The oddness of Okinawa

If there is one place in the increasingly troubled East Asian region that captures all of the tensions over national identity, accidents of history, and the current geopolitical tensions that threaten to spill over into actual conflict, it is Okinawa. Consequently, it offers a small but illuminating window into some wider issues, and not just for students of Asian geopolitics.

The island has two principal claims to fame above and beyond its natural charms and the celebrated cheerfulness of its inhabitants. First, it was the scene of one of the most brutal and costly conflicts of the entire Second World War. Okinawa was the last island before American forces faced the prospect of invading the main Japanese islands. Resistance to American occupation was ferocious.

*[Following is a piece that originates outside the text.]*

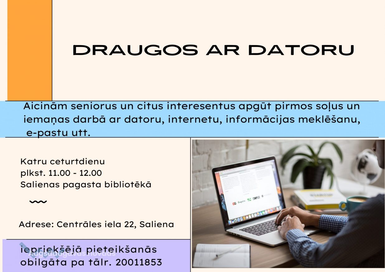 Laipni lūgti seniori un visi interesenti Salienas pagasta bibliotēkā un Salienas pagasta bibliotēkas Vecsalienas nodaļā apmācībai “Draugos ar datoru”. Mēs piedāvājam apgūt pirmos soļus un iemaņas darbā ar datoru, internetu, informācijas meklēšanu, e-pastu, Facebook utt.

The American invasion resulted in the deaths of one third of the civilian population, some of whom committed mass suicide by throwing themselves from cliffs as the Americans advanced - in line with the advice of Emperor Hirohito. In addition to more than 100,000 Japanese military deaths, the US also lost more than 12,000 men in the single bloodiest conflict of the Pacific campaign. The prospect of having to repeat this process in the rest of Japan undoubtedly made the subsequent nuclear strikes in Hiroshima and Nagasaki more attractive. As ever, some lives are more valuable than others.

Whatever the you might think about the use of atomic weapons, in retrospect what is most remarkable, perhaps, is that when Hirohito eventually told his people that the game was up and that they should surrender, they did. The horrors of Okinawa were not repeated in the rest of the Japanese archipelago primarily because people thought differently about the situation they found themselves in. Obedience to authority and the abnegation of personal responsibility can have complex and unpredictable consequences – something we might do well to remember.

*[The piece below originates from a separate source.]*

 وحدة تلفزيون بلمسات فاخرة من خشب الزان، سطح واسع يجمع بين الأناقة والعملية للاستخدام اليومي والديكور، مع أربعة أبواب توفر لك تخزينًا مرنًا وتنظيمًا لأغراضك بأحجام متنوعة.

Given this sort of history, though, it is hardly surprising that so many Japanese people are fiercely opposed to any suggestion that Japan should become a “normal” country with the sort of attitude to defense that many scholars and – more importantly - policymakers think is not only appropriate, but unavoidable. Indeed, many Japanese people remain implacably opposed to revising the so-called “peace constitution” which limits the role of Japan’s military to self-defense.

The second reason Okinawa is significant, therefore, is that it’s a very tangible reminder of how difficult it is to change the political facts on the ground, no matter what the majority of the people might want. Despite the reality that more than 80% of the locals are against it, Okinawa is home to one the US’s largest overseas military bases and provides a convenient “unsinkable aircraft carrier” close to China - Japan’s historical regional rival and the principal challenge to continuing American hegemony.

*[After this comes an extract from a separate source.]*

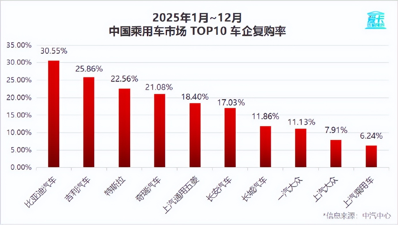 爱卡研究院发布了《2025年车企复购率榜单》,这个榜单的数据还挺有意思的。

This is not simply an anti-American issue, though. Many Okinawans are unhappy with the way their views are ignored and over-ridden by their own government, too. The fact that successive Japanese governments lied about the presence of American nuclear weapons is but one, especially sensitive source of aggravation. It is no coincidence that a growing Okinawan independence movement is looking toward Scotland for inspiration. Even in the all too likely event that this separatist impulse does not get very far, it is emblematic of the difficulty any Japanese leader faces when dealing with a geopolitically crucial but perennially restive province.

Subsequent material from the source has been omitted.